===== Material provided

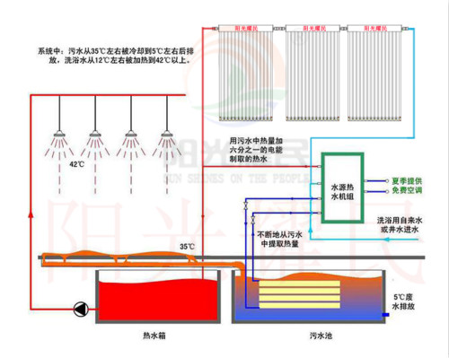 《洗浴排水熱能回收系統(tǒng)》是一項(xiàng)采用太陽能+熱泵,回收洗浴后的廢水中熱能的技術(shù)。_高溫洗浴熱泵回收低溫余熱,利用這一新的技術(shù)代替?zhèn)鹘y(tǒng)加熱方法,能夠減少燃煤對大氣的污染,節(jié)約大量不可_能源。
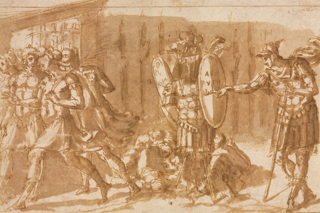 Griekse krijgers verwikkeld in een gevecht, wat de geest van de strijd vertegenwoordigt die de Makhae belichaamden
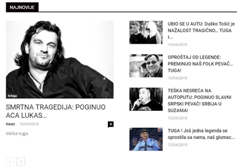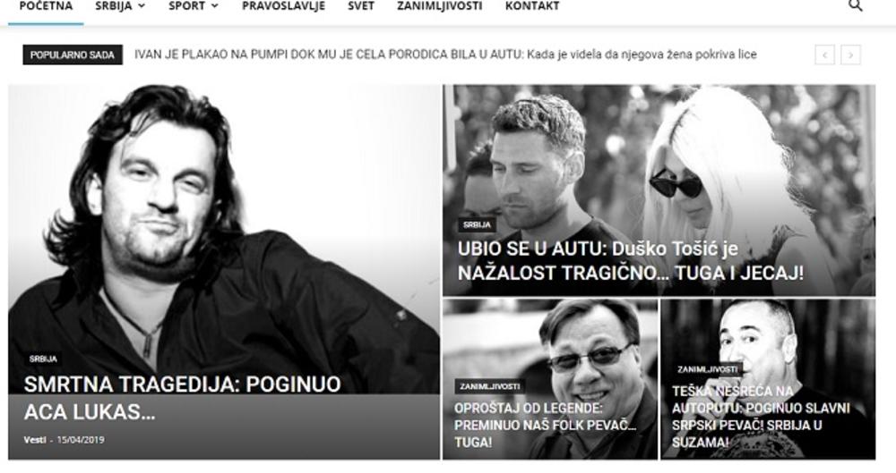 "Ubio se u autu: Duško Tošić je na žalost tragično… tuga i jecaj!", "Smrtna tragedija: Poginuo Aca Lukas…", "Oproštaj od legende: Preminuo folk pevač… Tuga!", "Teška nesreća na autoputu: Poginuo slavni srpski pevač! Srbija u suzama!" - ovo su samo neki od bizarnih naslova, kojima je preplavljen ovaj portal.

==========
===== Material provided

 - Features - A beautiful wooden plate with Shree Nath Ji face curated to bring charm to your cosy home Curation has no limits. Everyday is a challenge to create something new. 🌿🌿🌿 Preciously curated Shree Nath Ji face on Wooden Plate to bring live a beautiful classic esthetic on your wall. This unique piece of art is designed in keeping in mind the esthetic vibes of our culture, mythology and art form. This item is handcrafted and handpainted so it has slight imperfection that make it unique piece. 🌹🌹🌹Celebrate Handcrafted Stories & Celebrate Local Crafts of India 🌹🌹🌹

==========

### Task instructions
Using the entries above, repeat exactly the lines from the one with "Griekse krijgers verwikkeld" to the one with "preplavljen ovaj portal.", both included, and leave the pictures behind.

### Output of the exercise
 Griekse krijgers verwikkeld in een gevecht, wat de geest van de strijd vertegenwoordigt die de Makhae belichaamden
 "Ubio se u autu: Duško Tošić je na žalost tragično… tuga i jecaj!", "Smrtna tragedija: Poginuo Aca Lukas…", "Oproštaj od legende: Preminuo folk pevač… Tuga!", "Teška nesreća na autoputu: Poginuo slavni srpski pevač! Srbija u suzama!" - ovo su samo neki od bizarnih naslova, kojima je preplavljen ovaj portal.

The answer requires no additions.